Iker Varela

Personal information
- Full name: Iker Varela Parra
- Date of birth: 1 March 2003 (age 23)
- Place of birth: Barakaldo, Spain
- Height: 1.88 m (6 ft 2 in)
- Position: Winger

Team information
- Current team: Ibiza

Youth career
- 2012–2013: Danok Bat
- 2013–2022: Athletic Bilbao

Senior career*
- Years: Team / Apps / (Gls)
- 2022–2023: Basconia / 43 / (13)
- 2022–2026: Bilbao Athletic / 67 / (13)
- 2025–2026: → Mirandés (loan) / 16 / (1)
- 2026–: Ibiza / 0 / (0)

= Iker Varela =

Spanish footballer

Iker Varela Parra (born 1 March 2003) is a Spanish footballer who plays as a winger for UD Ibiza.

==Career==
Born in Barakaldo, Biscay, Basque Country, Varela joined Athletic Bilbao's Lezama in 2013, from Danok Bat CF. After progressing through the youth setup, he made his senior debut with farm team CD Basconia during the 2021–22 season, in Tercera División RFEF.

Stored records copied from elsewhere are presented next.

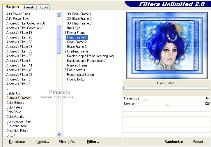 Effetti>Plugins>Filters Unlimited 2.0 - Buttons & Frames - Glass Frame 1.
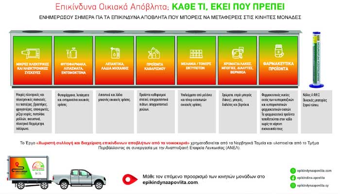 Ο Δήμος Λευκωσίας πληροφορεί το κοινό ότι η κινητή μονάδα ενημέρωσης για τη διαχείριση των επικίνδυνων οικιακών αποβλήτων θα επανατοποθετηθεί στο κέντρο της πρωτεύουσας και συγκεκριμένα στο άνοιγμα των πεζόδρομων Λήδρας – Ονασαγόρου από τις 19 μέχρι και τις 23 Φεβρουαρίου 2024.
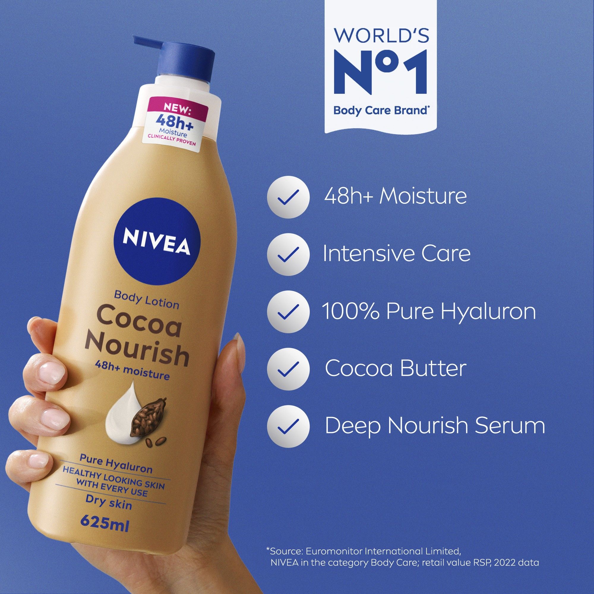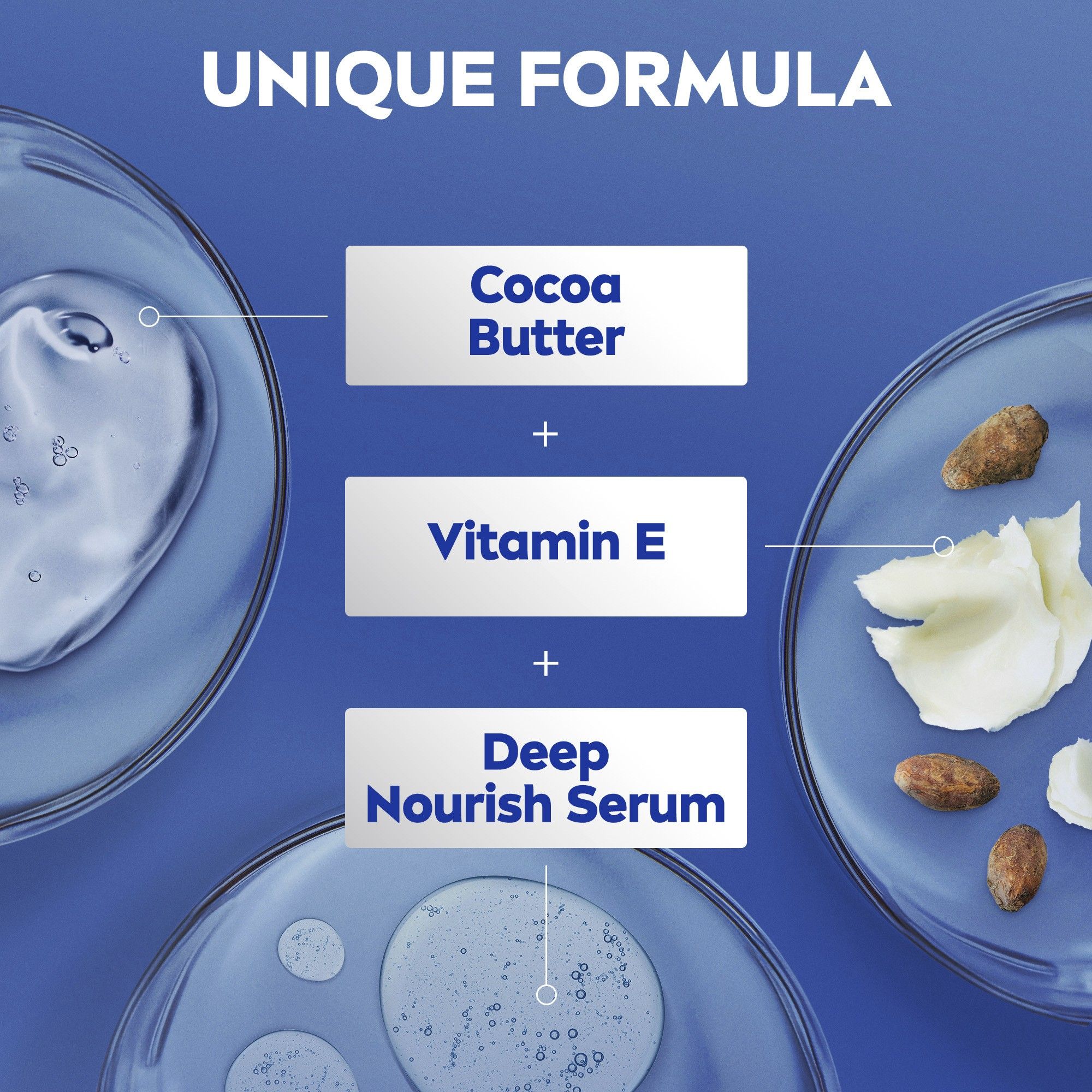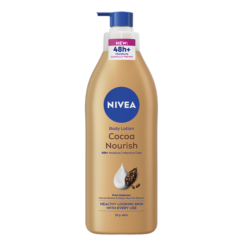 لوشن مرطب للجسم غني بزبدة الكاكاو الفاخرة وسيروم الترطيب العميق من نيفيا.
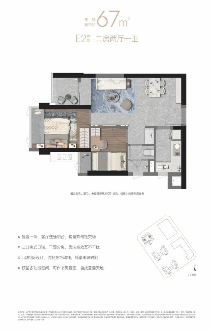 【E2户型67㎡二房两厅一卫】
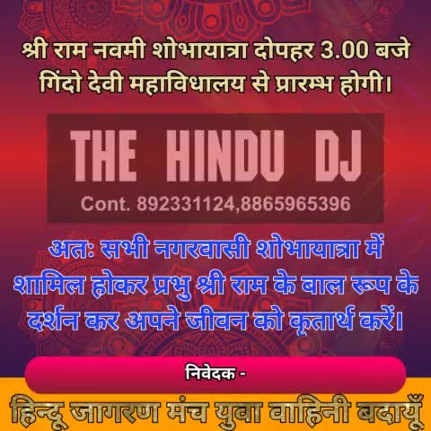 श्री राम नवमी शोभायात्रा में सभी सनातनी भाई बहिन का हार्दिक अभिनंदन।
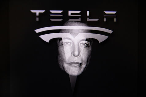 Photographies d'illustrations en double exposition d'Elon Musk et du logo de son entreprise Tesla.
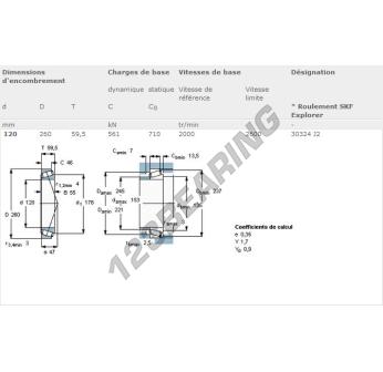 The Tapered Roller Bearing, known as 30324-J2-SKF SKF, has an inner diameter of 120 mm, an outer diameter of 260 mm and a thickness of 59.5 mm.
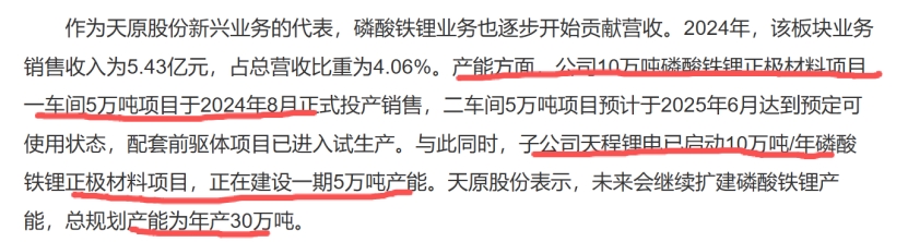 磷酸铁产能:公司10万吨磷酸铁锂产能已经相继投产。子公司天程锂电已启动10万吨/年磷酸铁锂正极材料项目,正在建设一期5万吨产能。并且表示,未来会继续扩建磷酸铁锂产能,总规划产能为年产30万吨。
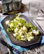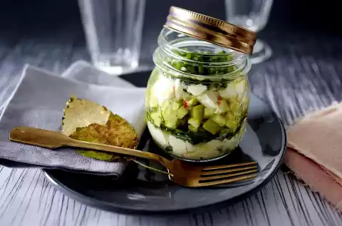 Layer mozzarella, basil and avocado mix alternately in four glasses (250 ml each).
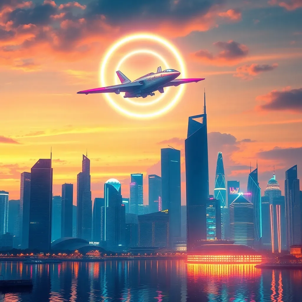 Imagine a futuristic cityscape at sunset, with sleek skyscrapers and neon lights reflecting off the water. A sleek, silver airship soars above, leaving a trail of glittering sparks. The city's residents, dressed in high-tech attire, gather at the waterfront to marvel at the aerial display. Generate an image that captures this vibrant scene.
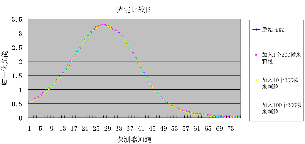 通過下圖我們還能看到,在原始光能分布中,分別加入1個、10個和100個200微米顆粒,然后比較光能分布圖,可以看出,在增加1個和10個顆粒,光能分布圖基本不變,增加100個顆粒光能分布圖才有微小變化,而且這些微小的光能變化可能比系統(tǒng)的噪聲還低,被系統(tǒng)的噪聲淹沒掉。

Varela first appeared with the reserves on 8 December 2022, coming on as a late substitute for Beñat Gerenabarrena in a 3–3 Segunda Federación away draw against CD Alcoyano. He finished the campaign with 13 goals for Basconia, and was subsequently promoted to the B-side permanently.

Varela was regularly used for Bilbao Athletic in the following years, and was called up to the first team for an UEFA Europa League match against Manchester United in May 2025, but remained unused in the 4–1 away loss. On 22 July, he moved to Segunda División side CD Mirandés on a one-year loan deal.

Varela made his professional debut on 17 August 2025, starting in a 1–0 away loss to Cádiz CF. The following 16 July, he signed a two-year deal with UD Ibiza in division three.